Voegelin, Schelling, and the Philosophy of Historical Existence

Synopsis

In this important new work, Day brings to light the need for an extensive reinterpretation of the mature philosophy of Eric Voegelin, based on Voegelin's published and unpublished appreciation for 19th-century German philosopher F.W.J. Schelling.

Excerpt

Eric Voegelin was an Austro-American political philosopher and historian. This book examines the extent to which he drew upon a number of relatively unknown writings by F. W. J. Schelling in the formation of his mature philosophy of consciousness and historiography.

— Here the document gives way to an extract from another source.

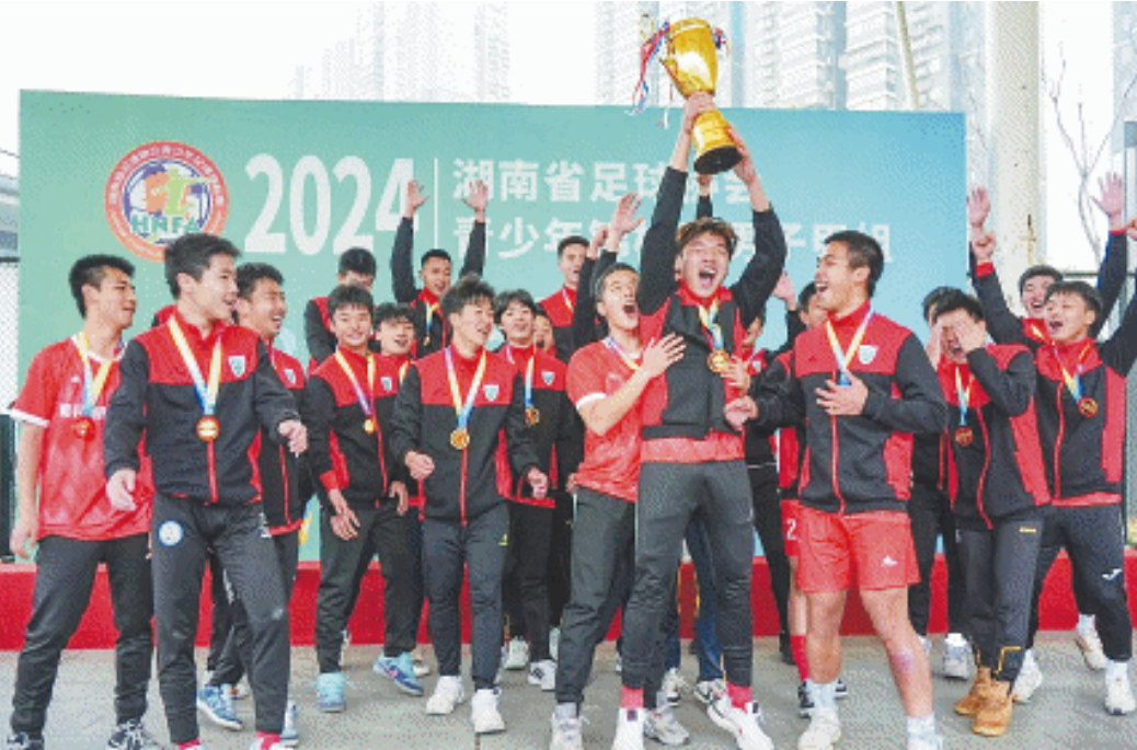
2024年初,同升湖高级中学足球队在2024湖南省足球协会青少年锦标赛男子甲组比赛中荣获冠军。

Voegelin was born in Cologne, Germany, in 1901, to a German father and a Viennese mother. His family lived in Cologne and Königswinter for most of his early youth, but moved to Vienna in 1910, then capital of the AustroHungarian Empire. Shortly after the First World War and the decomposition of the empire that followed, Voegelin began to study at the Law School of the University of Vienna, where he received a doctorate in political science (Doctor rerum politicarum) in 1922. The years following his graduation were not immediately filled with professorial employment. Instead, they were composed of more study and the beginnings of significant travel. Voegelin won numerous fellowships with which to pursue postdoctoral studies in England, Germany, the United States, and France. He met colleagues in some of these places who would later prove themselves to be friends in a time of crisis. Six years of further study and travel brought Voegelin back to Vienna and a relatively secure teaching position (as Privatdozent) in general political science and sociology at the university from which he had graduated. Voegelin married Lissy Onken a few years later, in 1932, and by 1935 received a promotion to associate professor of political science (a.o. Universitätsprofessor). All seemed well for Voegelin. A first-rank education in the social sciences undertaken with some of the world's most influential scholars, extensive travel to broaden the existential reaches of his book learning, the promising beginning of a new family, an attractive teaching position with stimulating colleagues, and the potential for financial stability all pointed the way to a . . .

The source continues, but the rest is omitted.